Когда дверь за казаком закрылась, Меланья подошла к окну и, глядя на то, как Волынин шествует через больничный двор, вполголоса спросила:
– И долго ей так ещё, Михайла Николаевич?
– Вечером станет лучше. – уверенно сказал тот. – А к утру отпустит совсем. Старая штука этот Прохоров корень. И известная на всю каторгу. Бывалые варнаки его очень уважают. Найдут, пожуют с полчаса – и готово, можно вечером идти в лазарет отдыхать с сильнейшим жаром! Впрочем, часто им пользоваться не следует: можно сердце остановить. Устинья! Всё позади, можно давать малину!
Из-за занавески вышла Устинья с обливной корчагой в руках. Из горшка валил душистый пар. Взяв горшок, Меланья принялась осторожно процеживать через потёртую тряпку дымящийся отвар. Устинья придерживала кружку, изредка морщилась, кода горячие капельки брызгали ей на руку. Стоя у окна, Иверзнев молча смотрел на неё.
– Подымайтесь, вашблагородие! Тревога, тревога!
– Чёрт… Волынин… Что такое? – Тимаев неловко вскочил с постели и бессмысленно вытаращился на чёрную фигуру в дверях.
– Тревога на заводе! Никак, Господь нас посетил! Горим!
– Дьявол… этого недоставало! Куда ты помчался, болван? Изволь доложить! Что горит? Винница?

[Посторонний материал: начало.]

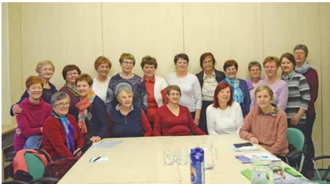
Prostovoljke programa Starejši za starejše

Program Starejši za starejše predstavlja izjemen primer dobre prakse na področju prostovoljstva, saj starejšim osebam, ki živijo v domačem okolju, omogoča bolj kakovostno in neodvisno življenje. Namen programa je spoznati kakovost življenja starejših in razviti trajno socialno mrežo, ki bi z minimalnimi sredstvi skrbela za medsebojno pomoč starejših in starejše usmerjala k osebam in ustanovam, ki jim lahko nudijo strokovno pomoč, kadar bi bilo to potrebno. Program poteka pod okriljem Zveze društev upokojencev Slovenije in ga izvaja že skoraj 300 lokalnih društev. Društvo upokojencev Škofja Loka se je v program vključilo aprila 2008. Začeli smo z idejo, da bi mlajši upokojenci pomagali starejšim vrstnikom. Naslove in podatke o starosti posameznikov nismo imeli in tako smo z delom začeli le na osnovi osebnih poznanstev. Pred štirimi leti smo se z občino Škofja Loka sporazumeli, da nam posreduje naslove vseh oseb, starejših od 69 let, program pa tudi sofinancira.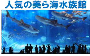
人気の美ら海水族館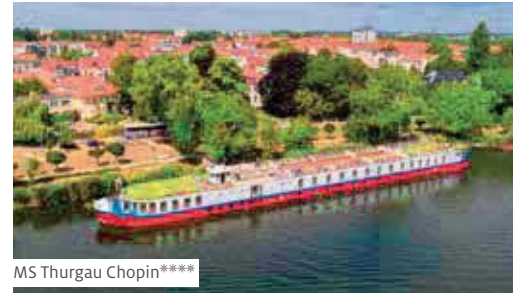
MS Thurgau Chopin****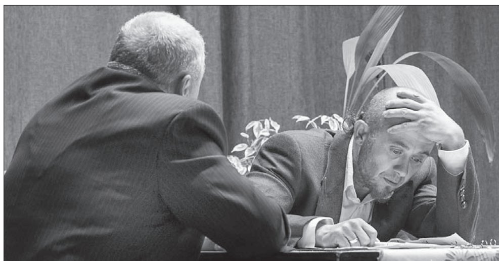
Przygotowania do prelekcji.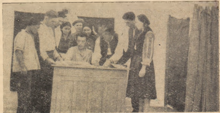
În G.A.C. Ciugud s-au împărțit de curînd avansuri bănești. În clișeu: Aspect de la împărțirea avansului.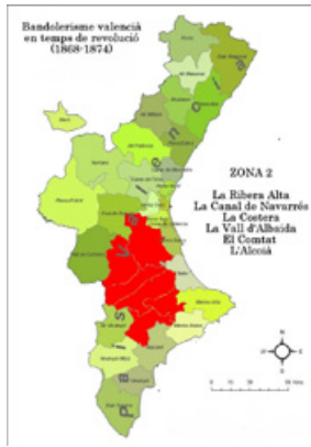
Imatge 20. Segona edat daurada del bandolerisme valencià del segle XIX (Zona 2)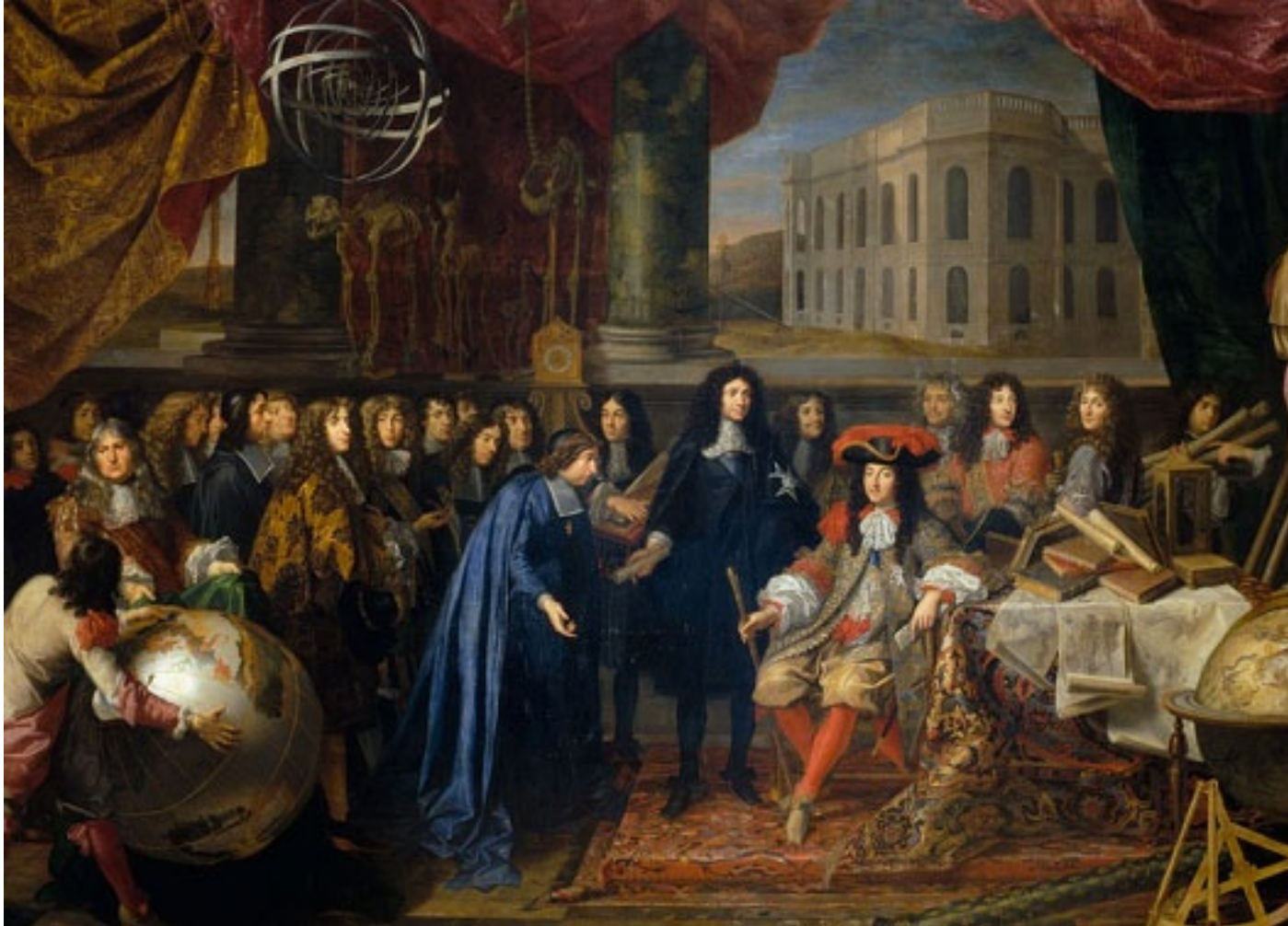
1650, Colbert, le premier Ministre, présente au roi Louis XIV les membres de l'Académie des Sciences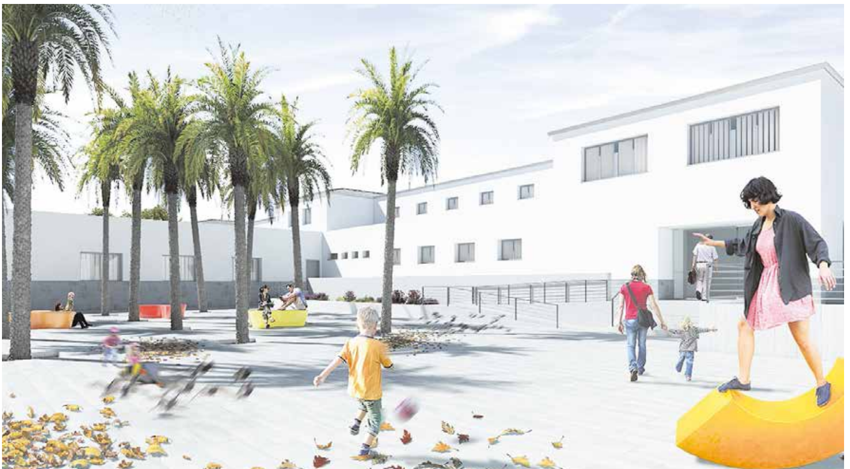
Recreación del aspecto que lucirá el antiguo colegio Tomás Ybarra tras su reforma integral y la reconversión de sus patios en plazas públicas

La rehabilitación del antiguo colegio Tomás Ybarra, cuya licitación e inicio de obra está prevista en 2021, tendrán un plazo de ejecución previsto de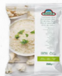
ARROZ DE COUVE-FLÒR

Edamame também conhecido como fava de soja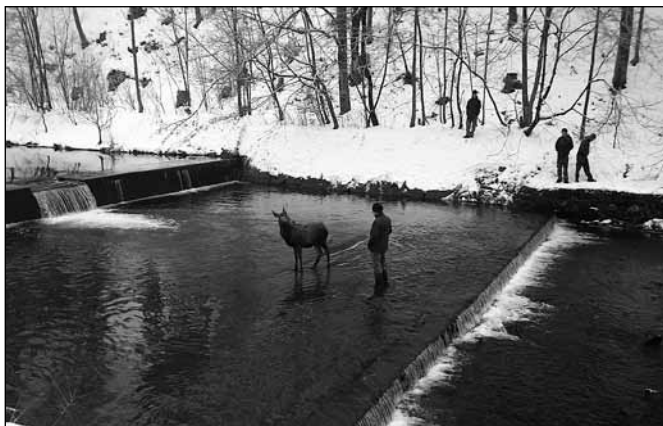
fot. KŁ Głuszec

Pomimo sprzyjających warunków pogodowych od początku tego roku do teraz, według udokumentowanych danych ze Straży Miejskiej w Wiśle oraz Koła Łowieckiego „Głuszec” w Wiśle, tylko na terenie obwodu KŁ „Głuszec” odnotowano 64 padłych saren. Jest to liczba wraz z upadkami zawartymi w ewidencji Komisariatu Policji w Wiśle (17 szt.). Przyjąc jednak trzeba, że liczbę upadków należy przynajmniej podwoić, gdyż jest ona większa o upadki, które nie są udokumentowane, a miały miejsce poza bezpośrednim obszarem zabudowań i dróg.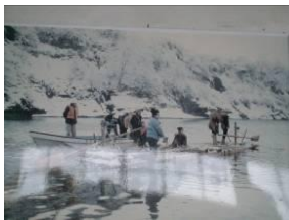
圖 3-1 最上川舟楫便利帶動觀光產業

庄內米素以品質優良聞名日本，目前東北有八成的米來自庄內，但因氣候乾燥冬天更有積雪，以致稻作一年僅一穫，不同於台灣南部 2 穫，中間還穿插種其他經濟作物，其中最有名的品種「越光米」及「一見鍾情」就是庄內米。長達 200 多公里的最上川不僅是國有一級河川，也是孕育山形縣的母親，更因詩人松尾芭蕉加持，當文學遇上觀光，不僅擦撞出燦爛火花，更讓後人無限嚮往。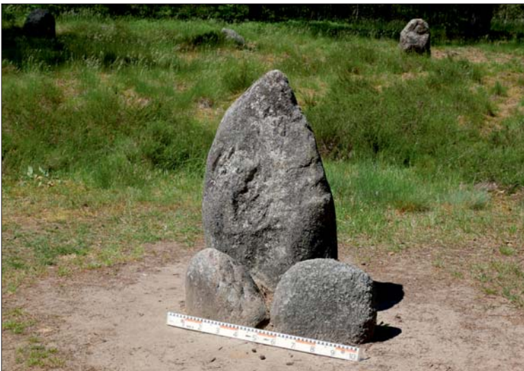
Ryc. 5. Wizerunek człowieka na steli w kręgu kamiennym nr V w Rezerwacie Kręgi Kamienne w Odrach Fig. 5. Image of a man on a stele in the stone circle No. V in the Stone Circle Reserve in Odry

postaci ludzkiej na kamieniu centralnym kręgu kamiennego w naszym kraju.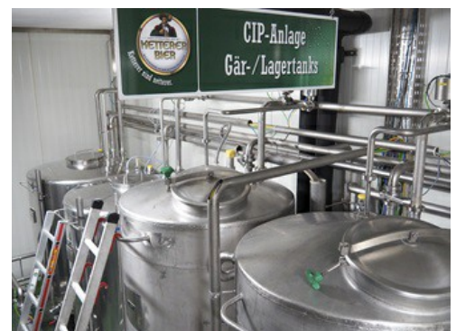
Weitere Druckmessumformer kommen im CIP-Tank zum Einsatz.

Vor über 20 Jahren wurde man auf VEGA aufmerksam. Für ein Trebersilo wurde eine Füllstandmessung eingebaut. Schritt für Schritt kamen im Laufe der Jahre neue Messstellen dazu. Vor allem die steigenden Hygieneanforderungen bei den Tanks forcierte die Messtechnikausrüstung. Alle Gär- und Lagertanks wurden nach und nach umgebaut, um diese besser reinigen zu können. Heute kommen VEGA-Sensoren an vielen Stellen im Werk zum Einsatz, z. B. in den CIP-Anlagen, im Brauwassertank, in den Gär- und Lagertanks sowie im Gärkessel im Sudhaus. Dabei dienen die Sensoren als Überfüllsicherung, unterstützen bei der genauen Bestandsmessung, übernehmen die Dosierung der Mischgetränke und die gesamte Prozesssteuerung. Die räumliche Nähe zu VEGA schätzt Vogt sehr.

– Кажись, старый завод полыхает, ваша милость! Да ещё в остроге мужики расшумелись! Вы не извольте волноваться, туда уже наши побегли, так что…
– Чёрт, чёрт, чёрт… Надо ж было вот так сразу! – бормотал Тимаев, торопливо одеваясь и от волнения никак не попадая в рукава сюртука. – Надо было казаков… Вызвать роту, как и намеревался! Поверил, дурак, что здесь не бунтуют! Господи, что будет с Наташей, если не дай бог…
Выбежав на крыльцо, Тимаев немедленно убедился, что казак был прав: старое, полурассыпавшееся здание завода полыхало вовсю. К тёмному небу взлетали снопы искр, чадили столбы дыма. Вокруг с баграми бегали фигурки солдат. Сбежав с крыльца, Тимаев кинулся было туда – но в этот миг со стороны мужского острога донеслось дружное, слаженное «ура-а-а!!!»
В первый миг Тимаеву показалось, что он ослышался.
– Волынин! Чего они там орут, как на параде? С ума посходили?!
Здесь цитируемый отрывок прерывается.